D’après James Mansell, spécialiste de l’oeuvre de Foulds, cette incompréhension des critiques, alors que la réaction du public est favorable, est en partie liée à un phénomène de classe. En effet, la théosophie, à l’instar d’autres spiritualités nouvelles, gagne alors beaucoup de terrain dans les classes moyennes et les classes populaires, ainsi que dans certains milieux artistiques (Mansell 2009, 445). Ce regard fourni par Mansell par rapport à la façon dont sont perçues les classes sociales est ainsi nécessaire pour comprendre la disparition de l’oeuvre du répertoire. Selon lui, le public, qu’on assume venant de toutes les origines sociales, aurait clairement capté le message apaisant de l’oeuvre (Mansell 2009, 446).
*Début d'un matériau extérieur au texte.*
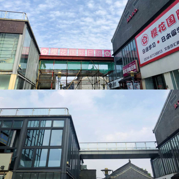 文昌百匯玻璃幕墻改造前后對(duì)比。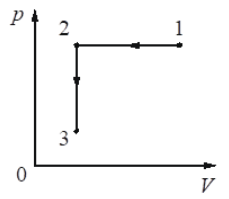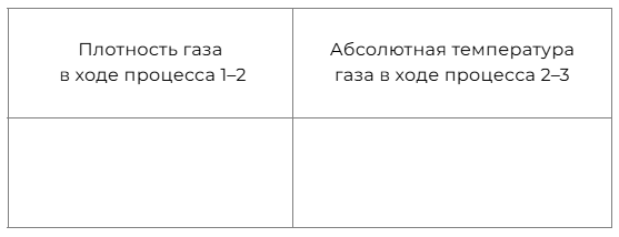 1 моль одноатомного идеального газа участвует в процессе 1–2–3, график которого изображён на рисунке в координатах p–V, где p – давление газа, V – объём газа. Как изменяются плотность ρ газа в ходе процесса 1–2 и абсолютная температура Т газа в ходе процесса 2–3? Масса газа остаётся постоянной.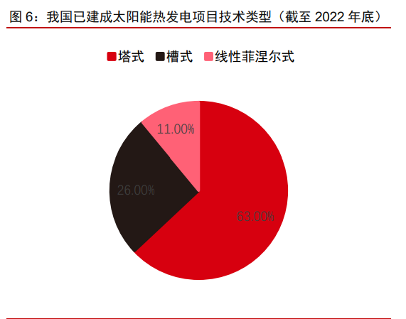我國已建成光熱項(xiàng)目中,塔式光熱占比相對(duì)較高。根據(jù) CSTA 數(shù)據(jù),截至 2021 年底, 全球太陽能熱發(fā)電累計(jì)裝機(jī)容量達(dá)到 6.8GW,槽式、塔式、線性菲涅耳技術(shù)裝機(jī)在全球主 要國家和地區(qū)的占比為 76%、20%和 4%。截至 2022 年底,我國太陽能熱發(fā)電累計(jì)裝機(jī) 容量為 588MW(含 MW 級(jí)以上規(guī)模的發(fā)電系統(tǒng)),塔式光熱電站雖然前期系統(tǒng)建設(shè)一次性投資較大且維護(hù)成本較高,但更適合我國西部地區(qū)晝夜溫差大、缺少水資源、自然環(huán)境 惡劣等特點(diǎn),同時(shí)因槽式系統(tǒng)和線菲式系統(tǒng)集熱效率偏低、對(duì)工質(zhì)加熱能力較弱等因素, 因而在我國塔式光熱電站應(yīng)用范圍相對(duì)較廣。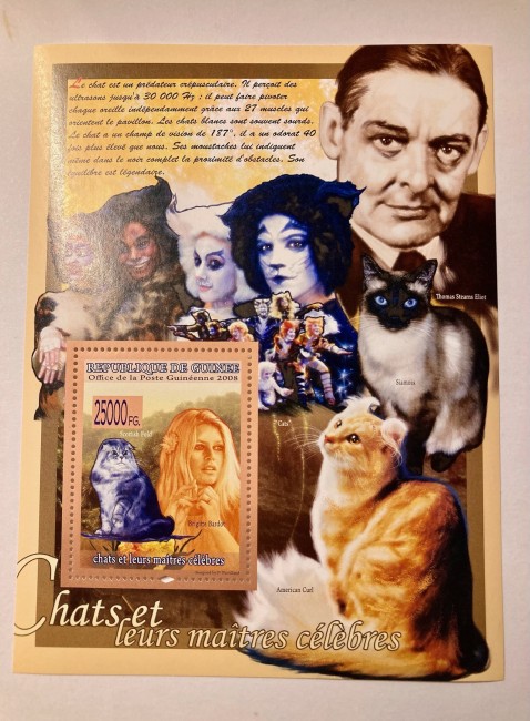 Bloc de timbre Brigitte Bardot chats et leurs maîtres célèbres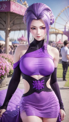 The image is a digital illustration of a young woman with long purple hair styled in a high ponytail. She is standing in front of a carnival ride with pink flowers and a ferris wheel in the background. The woman is wearing a purple dress with a cut-out design on the front and long sleeves. She has a serious expression on her face and is looking directly at the camera. The overall mood of the image is playful and whimsical.<lora:pony紫女:0.8>,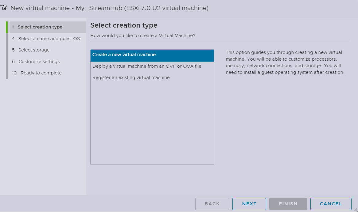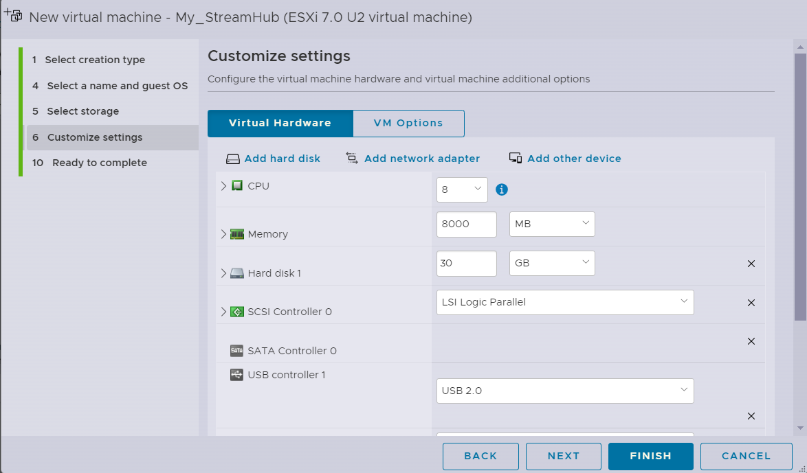 The following steps explain how to configure a virtualized StreamHub over VMware ESXI from an ISO file.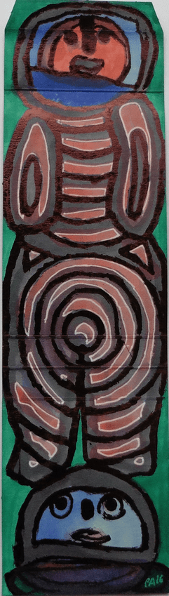 Sans titre, feutres et stylo bille sur carton d’emballage (conserve), 15 x 20 cm, 2017Sans titre, feutres et pastels à la cire sur carton d’emballage (gélules), 20 x 20,5 cm, 2016

De plus, le discours unificateur associé à l’oeuvre, d’abord bien accueilli, s’affaiblit peu à peu. Cela serait en partie dû à un changement des politiques artistiques de la Grande-Bretagne vers 1925, alors que les Conservateurs gagnent la majorité et s’installent au pouvoir (Clarke 1996, 123). Une vision plus nationaliste et patriotique semble alors de rigueur, ce qui va à l’encontre de certaines idées véhiculées par A World Requiem. Les idées de Foulds s’opposent à tout nationalisme musical, qu’il s’agisse de patriotisme ou de visées plus artistiques telles que l’exploration consciente des traditions musicales britanniques, alors menée par ses contemporains Ralph Vaughan Williams (1872-1958) ou Charles V. Stanford (1852-1924). Selon Foulds, « le nationalisme dans l’art va à l’encontre de sa tendance à évoluer ». Il pense également, à contre-courant de la pensée générale de l’époque, que « tous ces artistes incapables de dépasser leur mentalité nationaliste sont incapables de créer un chef d’oeuvre universel[13] » (Foulds, cité dans Mansell 2009, 446).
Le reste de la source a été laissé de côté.